My overwhelming feeling is not to be friends with her again, even though I do miss having a best friend. I really do see the co-dependency she had with me and many others in her life, and I'm not sure being friends with me would even help her. I've seen her act like a best friend to her boss that mistreated her just because the boss's dad was sick. I do think she could have helped her boss if it was work related, but she started going over to her boss's home, and talking to her during off hours on the phone and other things. This was the first time it really hit me that something was really wrong with that picture, and I couldn't put my finger on the fact that it was co-dependency.

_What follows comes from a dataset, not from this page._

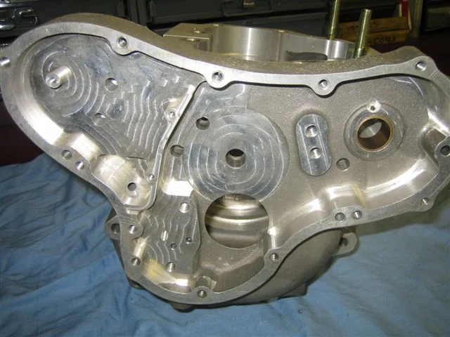 These pics are of a set of Kenny Dreer cases I have that are for a large main bearing Falicon crankshaft. Other than the larger bearing bores, they are identical to the other KD cases I have. I'll try to take some more detailed shots later, for comparison with the stock cases. I might have some other shots of the other KD cases, and if I find them, I'll post them too.

When I confronted her about it, she was very defensive and just didn't get it. Well, so that is my overwhelming feeling, but I also did go to therapy and talk about the issue, and my therapist said that I should let her back into my life on a very limited basis. She said it's always good to have a wide support circle. She said that I could be throwing away a friendship by waiting around for the perfect friend to come along. I don't have a lot of friends, and I know that I struggle in this area. I told her it was a co-dependent relationship, and she said all relationships have some unhealthiness to them. I'm so confused. I'm praying about it, and everything, but the thing is that I doubt very highly she is cured of co-dependency in a month or even realizes what a big deal it is, although I told her about it in a non-blaming way in a final e-mail response after she ended the friendship. I don't really know how to have a limited relationship with her because it just doesn't seem worth it if I don't trust her. The therapist said I don't tell her personal information. How do I have a relationship like that? I'm trying to figure out what we had apart from the co-dependency, and I just can't see what we had without seeing it through that lens.

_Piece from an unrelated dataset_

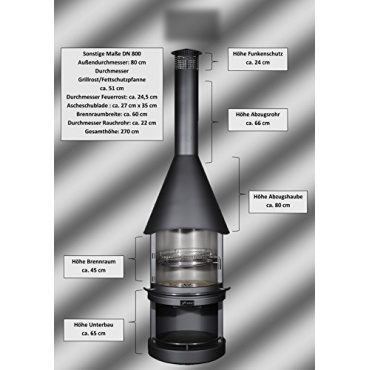 Verarbeitet aus Metall ist der Grillkamin. Der Grillkamin ist mit einem Rost aus Edelstahl und einer Fettaufwangschale ausgestattet. Damit während dem Grillen keine Wärme verloren geht, ist der Brennraum beim Grillkamin isoliert. So ist der Brennraum mit einer Dicke von 30mm Rockwoll gedämmt. Farblich ist der Grillkamin in Sugar-Braun gehalten, die Abmessungen vom Grillkamin betragen 80 x 80 x 270 cm bei einem Gewicht von 95 kg. Trotz dem hohen Gewicht, ist der Grillkamin einfach zu bewegen. So ist der Grillkamin mit Rollen ausgestattet.

Any comments, thoughts, advice, suggestions? I really want to do the right thing here. Thank you all for listening:)

Guest

Post by Guest » Wed Jan 30, 2008 5:18 am

:)I may not be the best to give anyone advice, but i think you should listen to your gut instincts. they are usually right. maybe sometime down the road you can have some contact with her.
I understand about not having a lot of friends. It sounds like you are making connections with people that will be able to support you with your son.
God will lead you, just listen to Him.